══ SUPPLIED DATA ══

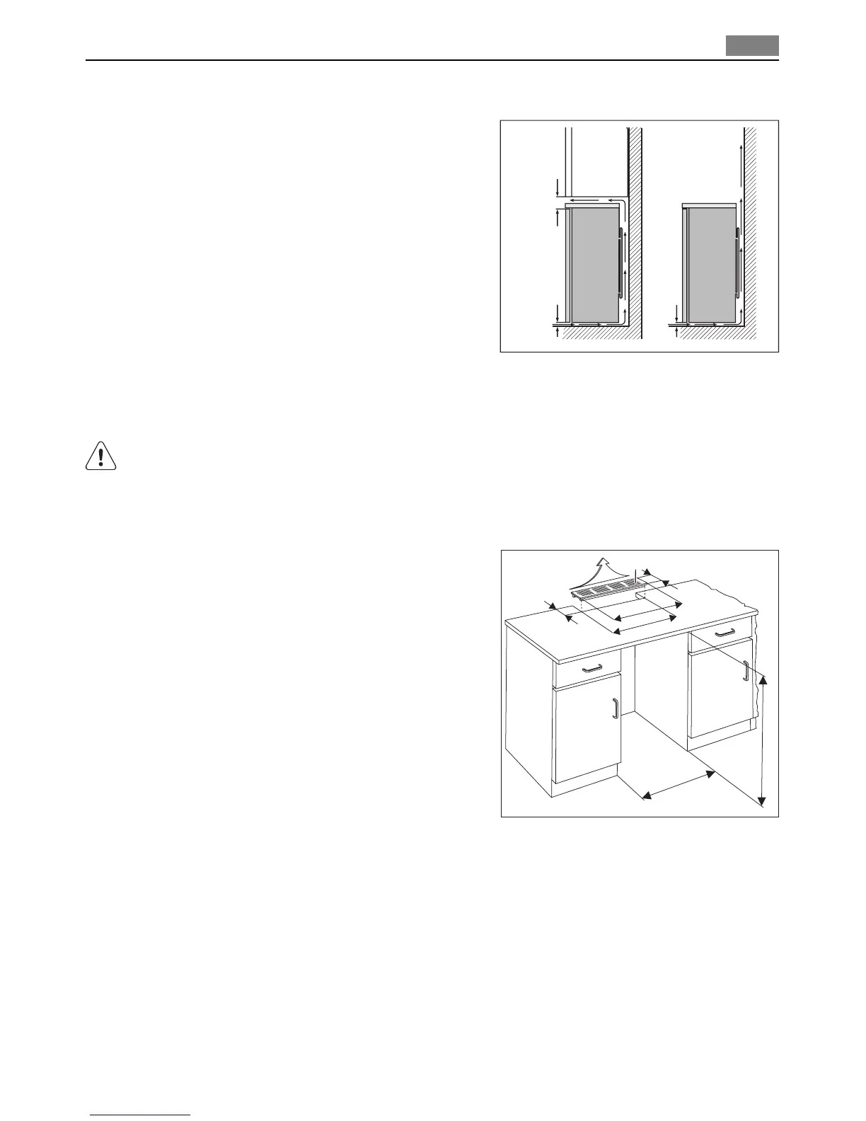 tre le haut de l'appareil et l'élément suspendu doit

═══
══ SUPPLIED DATA ══

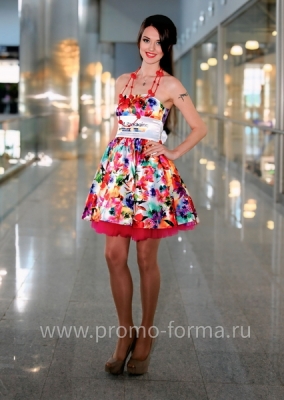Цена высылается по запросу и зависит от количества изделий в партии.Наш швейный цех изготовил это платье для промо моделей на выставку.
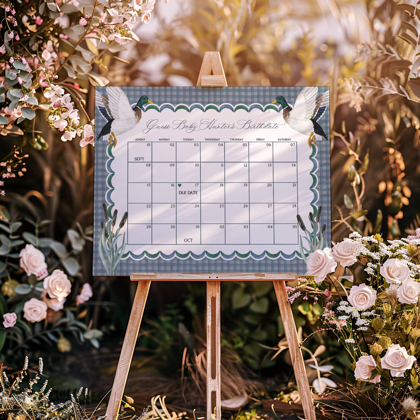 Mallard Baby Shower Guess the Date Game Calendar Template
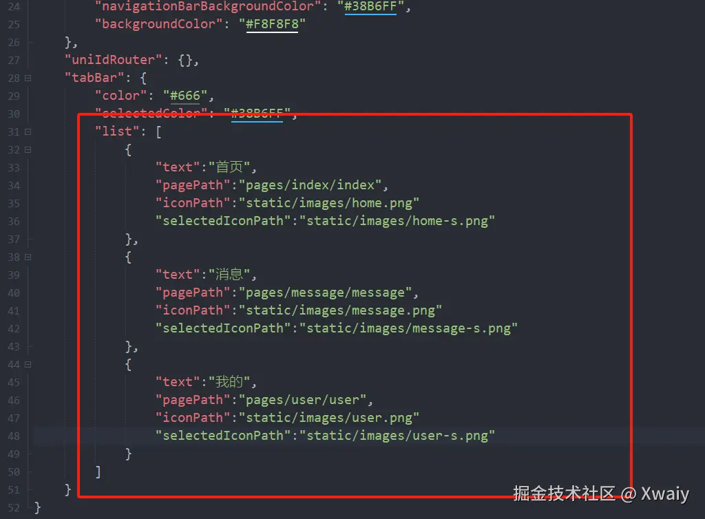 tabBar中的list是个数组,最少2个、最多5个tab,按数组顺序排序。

═══

# [WHAT YOU WILL DO]
Only one stretch of the listing is wanted: the lines starting at the one with "Цена высылается по" and ending at the one with "tabBar中的list是个数组,最少2个、最多5个tab,按数组顺序排序。", copied exactly and free of pictures.

# [RESPONSE TO THE EXERCISE]
Цена высылается по запросу и зависит от количества изделий в партии.Наш швейный цех изготовил это платье для промо моделей на выставку.
 Mallard Baby Shower Guess the Date Game Calendar Template
 tabBar中的list是个数组,最少2个、最多5个tab,按数组顺序排序。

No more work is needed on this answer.